What this task involves: If a line in the entries below holds the string "choice", copy it.

Supplied entries:
◇ ◇ ◇ ◇ ◇
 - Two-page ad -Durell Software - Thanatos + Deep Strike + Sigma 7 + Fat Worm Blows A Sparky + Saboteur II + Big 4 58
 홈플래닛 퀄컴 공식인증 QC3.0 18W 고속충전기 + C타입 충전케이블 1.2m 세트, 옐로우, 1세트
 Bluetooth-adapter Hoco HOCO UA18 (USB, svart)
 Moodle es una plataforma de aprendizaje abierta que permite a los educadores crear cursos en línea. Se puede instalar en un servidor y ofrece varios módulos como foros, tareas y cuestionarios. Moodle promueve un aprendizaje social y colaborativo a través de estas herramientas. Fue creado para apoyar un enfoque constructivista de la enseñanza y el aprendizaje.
◇ ◇ ◇ ◇ ◇
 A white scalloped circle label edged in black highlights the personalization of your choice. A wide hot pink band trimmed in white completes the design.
◇ ◇ ◇ ◇ ◇
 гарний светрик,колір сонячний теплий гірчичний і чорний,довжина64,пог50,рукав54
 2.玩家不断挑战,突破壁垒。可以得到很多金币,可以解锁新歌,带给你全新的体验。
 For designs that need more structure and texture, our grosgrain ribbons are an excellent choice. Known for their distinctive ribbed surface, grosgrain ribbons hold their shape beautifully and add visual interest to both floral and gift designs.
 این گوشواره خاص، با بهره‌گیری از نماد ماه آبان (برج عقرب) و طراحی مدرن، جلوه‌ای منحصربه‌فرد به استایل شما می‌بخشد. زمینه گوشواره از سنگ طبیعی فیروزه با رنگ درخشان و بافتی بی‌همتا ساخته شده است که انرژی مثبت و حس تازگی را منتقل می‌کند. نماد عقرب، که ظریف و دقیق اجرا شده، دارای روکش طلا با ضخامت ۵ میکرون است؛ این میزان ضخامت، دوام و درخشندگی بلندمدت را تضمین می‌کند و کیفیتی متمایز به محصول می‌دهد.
◇ ◇ ◇ ◇ ◇
Answer section:
 A white scalloped circle label edged in black highlights the personalization of your choice. A wide hot pink band trimmed in white completes the design.
 For designs that need more structure and texture, our grosgrain ribbons are an excellent choice. Known for their distinctive ribbed surface, grosgrain ribbons hold their shape beautifully and add visual interest to both floral and gift designs.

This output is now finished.